Prairie Ridge has four Picture Posts, one on the Forest Trail, one on the deck of the Outdoor Classroom (currently out of commission due to recent repairs), one in the Jesse Perry Arboretum, and one in the prairie. By including four very different habitats in our Picture Post submissions, we’re able to track the changes that have occurred as new features are built, attendance patterns change, and management is applied.  Volunteers collect the data about once a week (with some gaps here and there as staff and volunteer changes have occurred), so we have a really excellent series of photos illustrating Prairie Ridge as it’s grown since the posts were installed.

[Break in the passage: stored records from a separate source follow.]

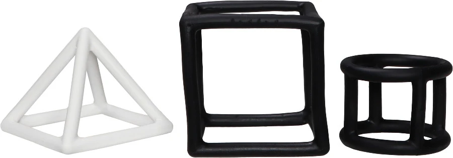 Deze set bestaat uit drie vormen: een piramide, kubus en een cilinder. Ze passen allemaal in elkaar en je klein kan er ook lekker mee gaan stapelen. Geschikt voor kindjes vanaf de geboorte.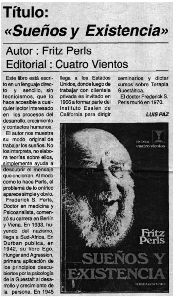 Autores alemanes - Perls, Fritz S. - Sueños y existencia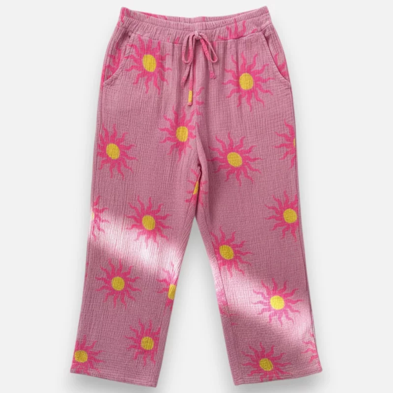 Le pantalon Soleil porte merveilleusement bien son nom ! Avec son imprimé floral vibrant disponible en jaune ou en rose sur fond de gaz de coton, il illumine immédiatement votre journée. C'est une matière naturelle, respirante et ultra douce sur la peau. Il possède une taille élastiquée et une coupe fluide qui va jusqu'à la taille 42. C'est la pièce forte de votre dressing d'été : associez-le avec un petit t-shirt blanc tout simple et le tour est joué ! On adore son côté décontracté mais stylé, parfait pour flâner en vacances ou pour une sortie ensoleillée en ville. Une dose de bonne humeur à porter sur soi.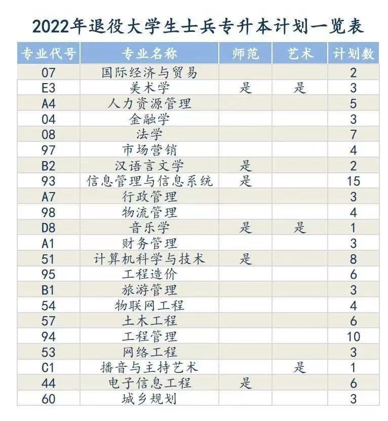 安阳学院2022年专升本退役大学生士兵招生计划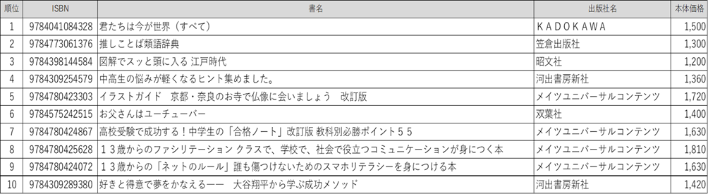 その他、読み物以外では「日本史」や修学旅行、受験勉強など、中学校での学習に役立つ図書が多数選ばれています。ファシリテーションやネットなど、コミュニケーションスキルに関わるテーマも好調です。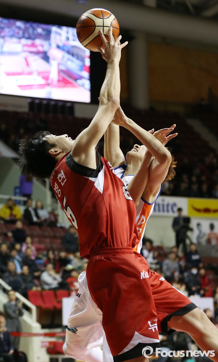 (안양=포커스뉴스) 5일 안양실내체육관에서 열린 2015-2016 프로농구 KGC-전자랜드 경기에서 KGC 정병현과 전자랜드 정휘량이 리바운드 다툼을 하고 있다.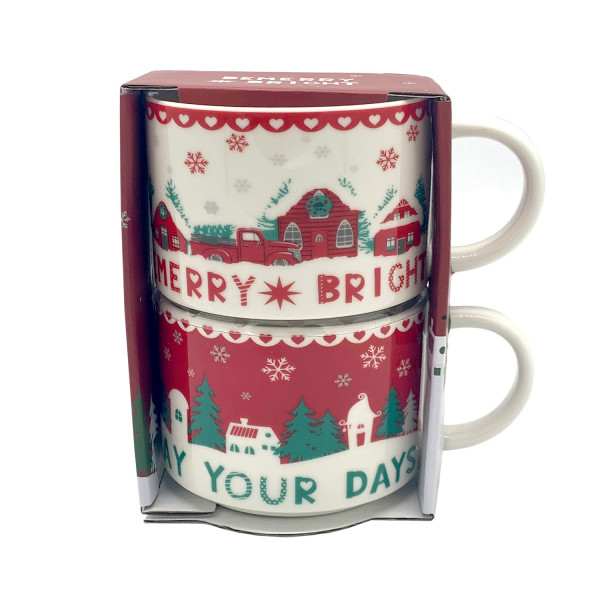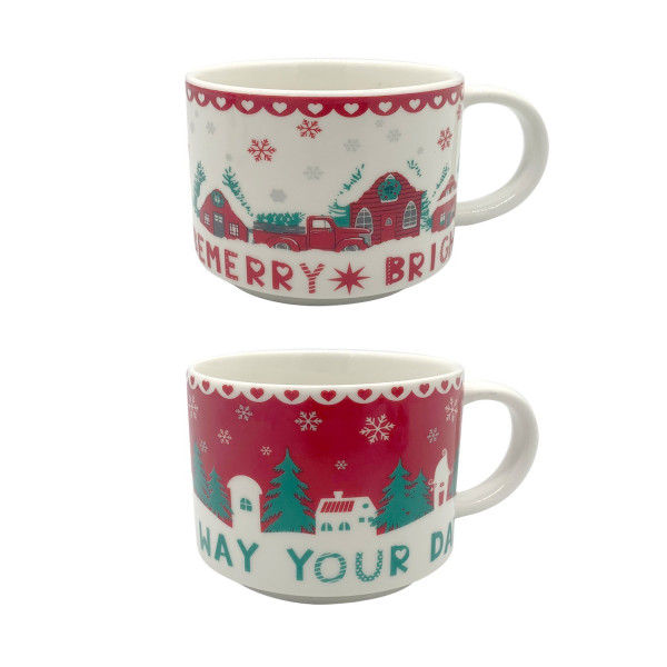 Χριστουγεννιάτικες Κούπες Πορσελάνης Σετ 2τμχ. Village 340ml Σε Κουτί Δώρου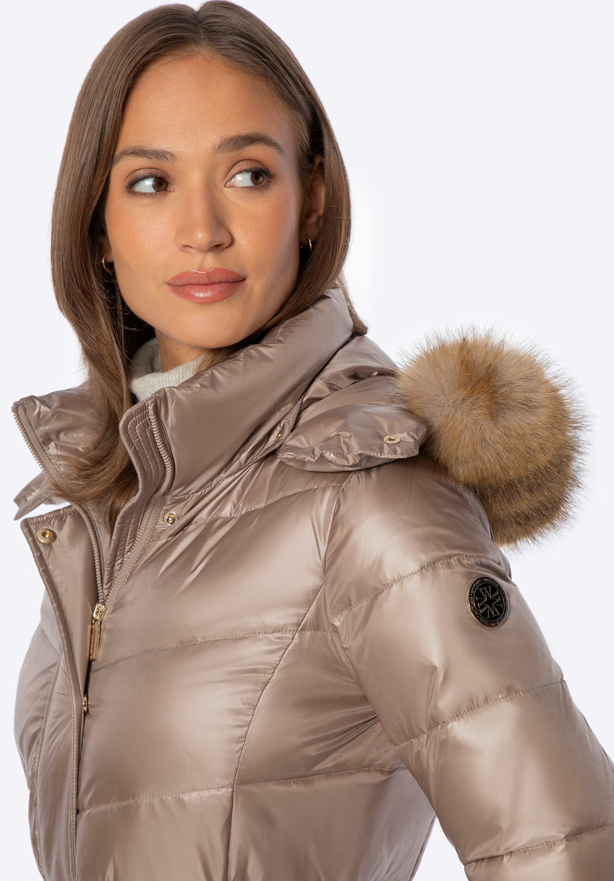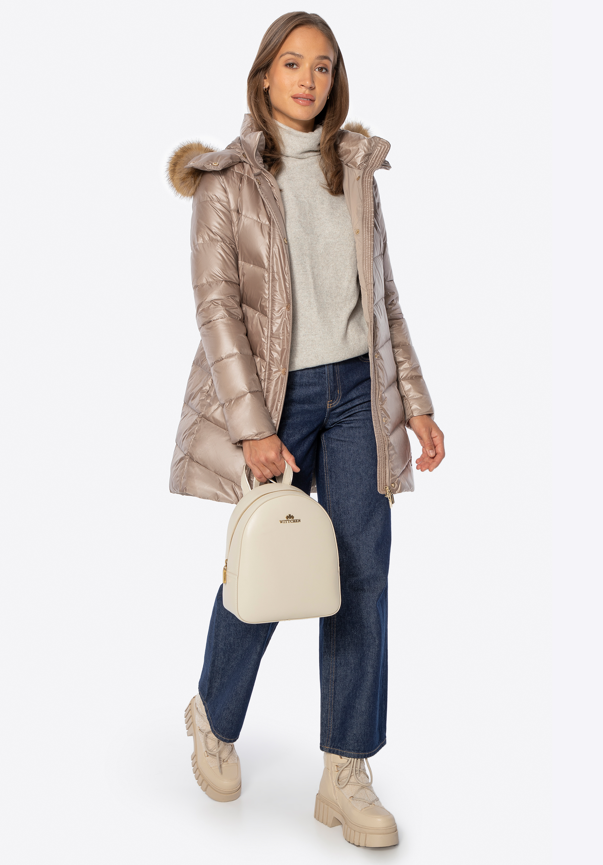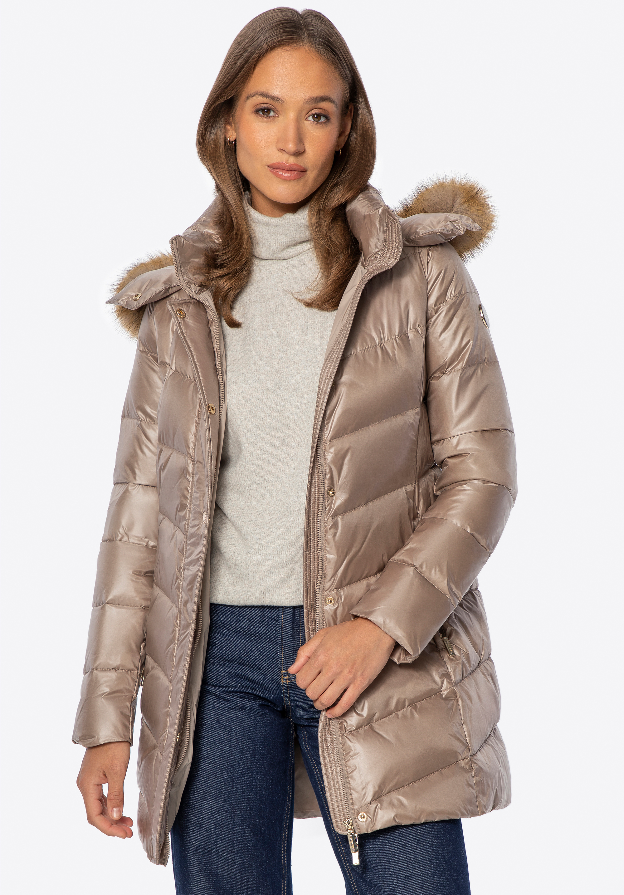 - Odnímatelná kapuce: Zdobená měkkou umělou kožešinou , která dodává eleganci a umožňuje vám přizpůsobit vzhled různým příležitostem.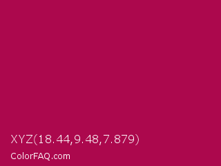 XYZ 18.44,9.48,7.879 Color is a normal rose color and the nearest color is Jazzberry Jam #a50b5e. Hex code #ac084d and RGB value is rgb(172,8,77). In RGB color space, this color is composed of 67% red, 3% green, 30% blue, In CMYK color space, this color is composed of 0% cyan, 95% magenta, 55% yellow , 33% black , In HSL color space, this color has a hue angle of 335° , 91% saturation and 35% lightness.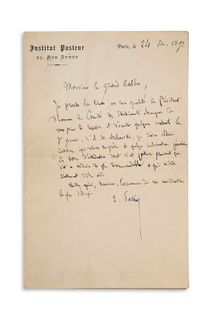 En sa qualité de Président d'honneur du Comité des Étudiants étrangers, Pasteur prie le Grand Rabbin de recevoir « le Dr Genevois, Mr A. M. Archavski, qui désire obtenir certaines équivalences de grade et quelque subvention pécuniaire. Les lettres d'introduction dont il est porteur prouvent que c'est un médecin des plus recommandable et qui mérite réellement d'être aidé »...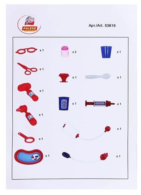 | Комплектация | Ножницы, очки, лупа, шприц, лоток для инструментов, ложечка, стетоскоп, тонометр, отоскоп, молоточек, мерный стаканчик с крышкой, стаканчик, баночки |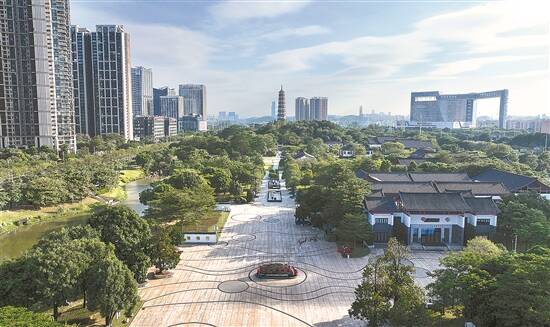 一脉一塔定水苑,三馆灵峰入博境。步入广州水博苑,游客可以感受到建筑设计师在这里精心打造的岭南园林建筑特色。在广州水博苑中,琶洲涌为“一脉”,素有“琶洲砥柱”“广州之眼”美誉的琶洲塔则为“一塔”。而这座与赤岗塔、莲花塔并称为广州明代三塔的砖塔,正是当年海上丝绸之路珠江航道上的照明和信号灯塔,曾肩负着江上指引船舶航行的重任。千百年来,琶洲塔依旧矗立于珠江前航道之上,融汇进江水、云霞和都市霓虹之中,见证着广州城市的繁荣与变迁,也谱写着静谧与繁华交织的历史诗篇。

So just how HAS Prairie Ridge changed since 2007? Let’s take a look at some photos!

The Nature Neighborhood Garden was quite new in 2007, Prairie Ridge had no solar panels or wind turbine yet, and the area around the garden was treeless. Today, we generate our own power and the garden is a thriving demonstration of how you can plant native plants and have a gorgeous garden that also attracts wildlife:View from the classroom picture post

The forest has matured! In 2008, when the photo on the left was taken, the trees were a lot closer to the post than they are now:

Forest picture post, looking upward

It’s amazing the trees have grown so quickly near the post! Other areas of the Forest Trail were more mature when this post was installed, but this area is clearly one of rapid growth.

The Arboretum was newly installed in 2008, and many trees have been added to the area since. It’s a site of very obvious change between then and now:

Arboretum picture post view

The trees that were present initially have grown significantly, many more trees have been added to the Arboretum, and the whole area is a lot greener than it used to be.

The prairie also shows a lot of maturation between 2008, when the photo on the left was taken, and 2016, when the photo on the right was taken:

prairie picture post view

The prairie started off slowly and needed a lot of help in the first several years to get it going. Now, it’s a thriving community of grasses and wildflowers that supports a wide variety of wildlife!  Prairie Ridge has a growing list of species that make use of the grounds as the prairie, the Arboretum, and the forest continue to mature and change.

Though we haven’t used our Picture Post data ourselves to answer any research questions yet, these data are useful to a variety of researchers who are studying landscape changes, management, phenology, greenness indices, and other topics. We hope to correlate our data with the increase in bird species spotted on the grounds and how the management of the prairie (mowing and burning) influence our mammal populations.  In the meantime, we’ll keep collecting and uploading our Picture Post data and look forward to the interesting questions these data will help us answer soon!